(Dataset extract Opens)
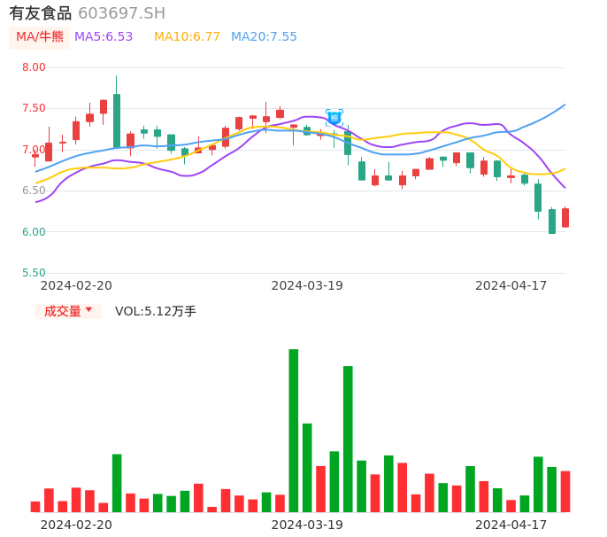 04月17日,有友食品收报6.28,股价涨幅5.02%,成交金额3187.85万元,换手率1.20%。
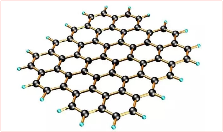 石墨烯,实际上是通过特殊技术把碳原子摊薄成一个一个原子相连的片状结构(如下图所示),达到准二维晶体结构。
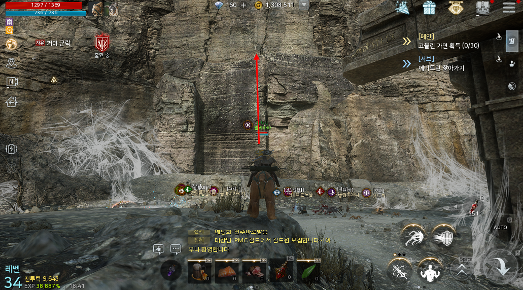 거미군락으로 이동해서 12시쪽으로 가다보면 위와 같은 절벽이 보일겁니다. 이곳으로 올라가보면 위와 같이 보물상자를 확인할 수 있습니다.
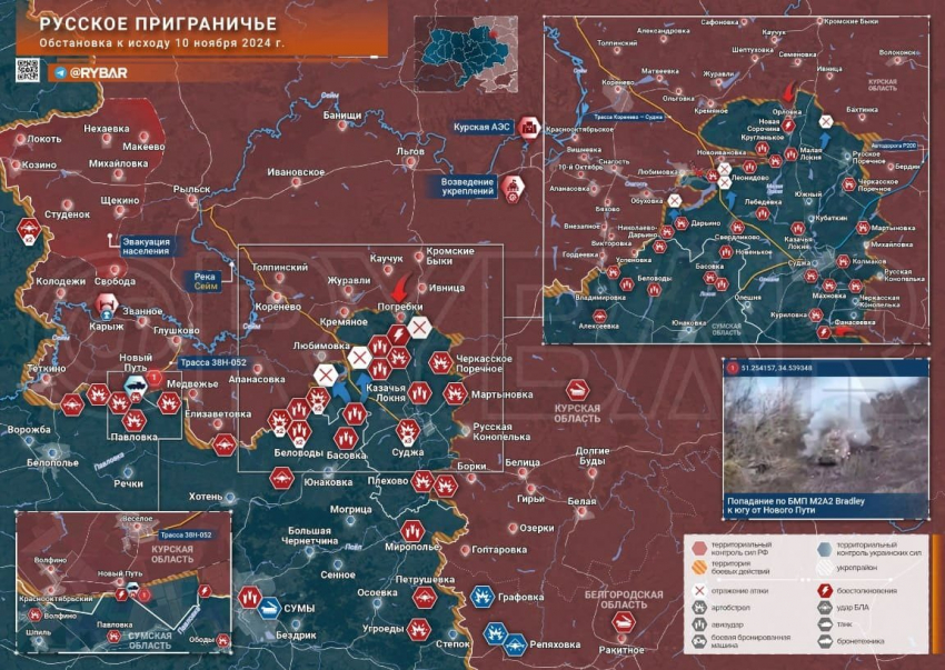 Новая карта боевых действий в Курской области по данным на 11.11.2024
(Dataset extract Closes)
* What to produce *
Print only the lines running from the one containing "石墨烯,实际上是通过特殊技术" to the end of the data above, exactly; include no pictures.

* Answer space *
 石墨烯,实际上是通过特殊技术把碳原子摊薄成一个一个原子相连的片状结构(如下图所示),达到准二维晶体结构。
 거미군락으로 이동해서 12시쪽으로 가다보면 위와 같은 절벽이 보일겁니다. 이곳으로 올라가보면 위와 같이 보물상자를 확인할 수 있습니다.
 Новая карта боевых действий в Курской области по данным на 11.11.2024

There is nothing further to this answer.